--- STORED DATA ---
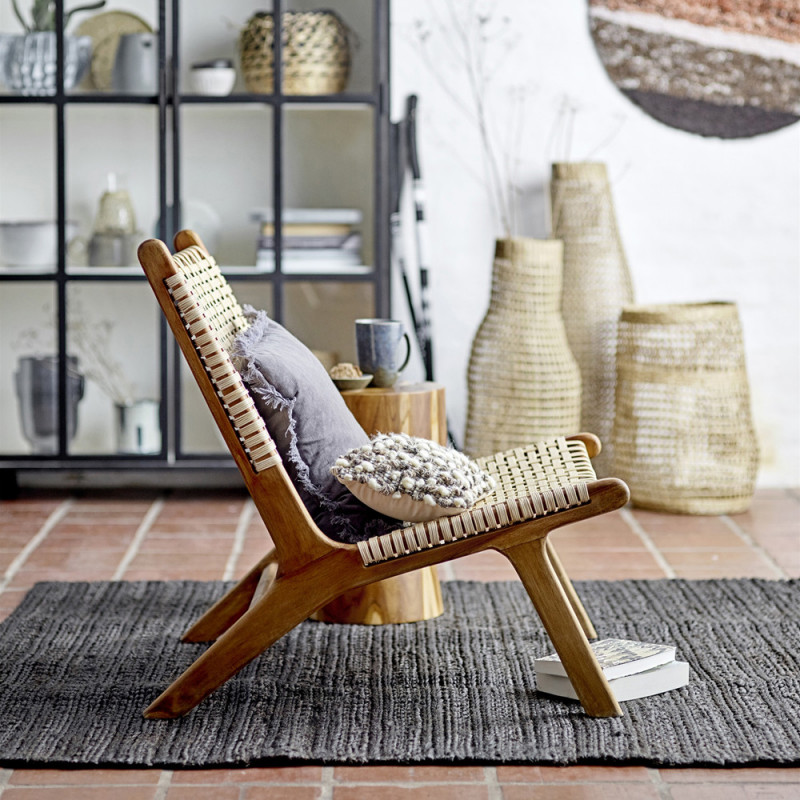 Le fauteuil bas en rotin et bois de teck CASI de Bloomingville convient à tous les espaces, notamment si vous appréciez accueillir proches et famille autour d’une table basse. Pour remplacer vos habituels poufs d’assise, ce fauteuil maintient parfaitement le dos grâce à un dossier haut en rotin. La stabilité est assurée par le choix d’un bois noble, le teck, réputé pour sa solidité et son élégance.
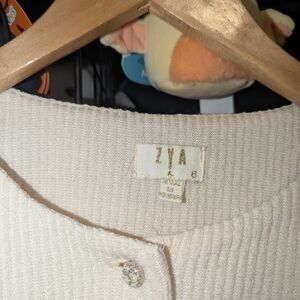 ZYA Cream Ribbed Cropped Button Cardigan
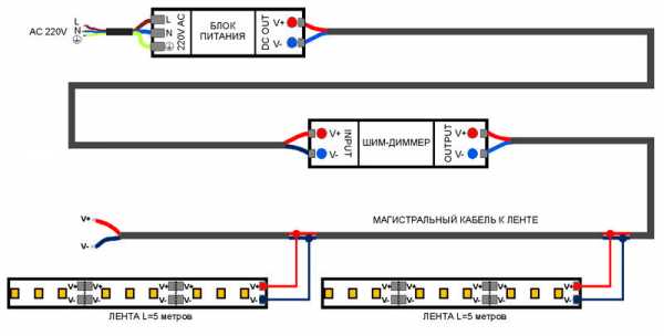 Схема подключения диодной ленты- Покупая дюралайт, следует обсудить с продавцом мощность источника питания и приобрети блок, подходящий для выбранной ленты.
---
### EXERCISE DIRECTIONS
Pictures are to be left out; all other data must be returned exactly.

### FINISHED EXERCISE
 Le fauteuil bas en rotin et bois de teck CASI de Bloomingville convient à tous les espaces, notamment si vous appréciez accueillir proches et famille autour d’une table basse. Pour remplacer vos habituels poufs d’assise, ce fauteuil maintient parfaitement le dos grâce à un dossier haut en rotin. La stabilité est assurée par le choix d’un bois noble, le teck, réputé pour sa solidité et son élégance.
 ZYA Cream Ribbed Cropped Button Cardigan
 Схема подключения диодной ленты- Покупая дюралайт, следует обсудить с продавцом мощность источника питания и приобрети блок, подходящий для выбранной ленты.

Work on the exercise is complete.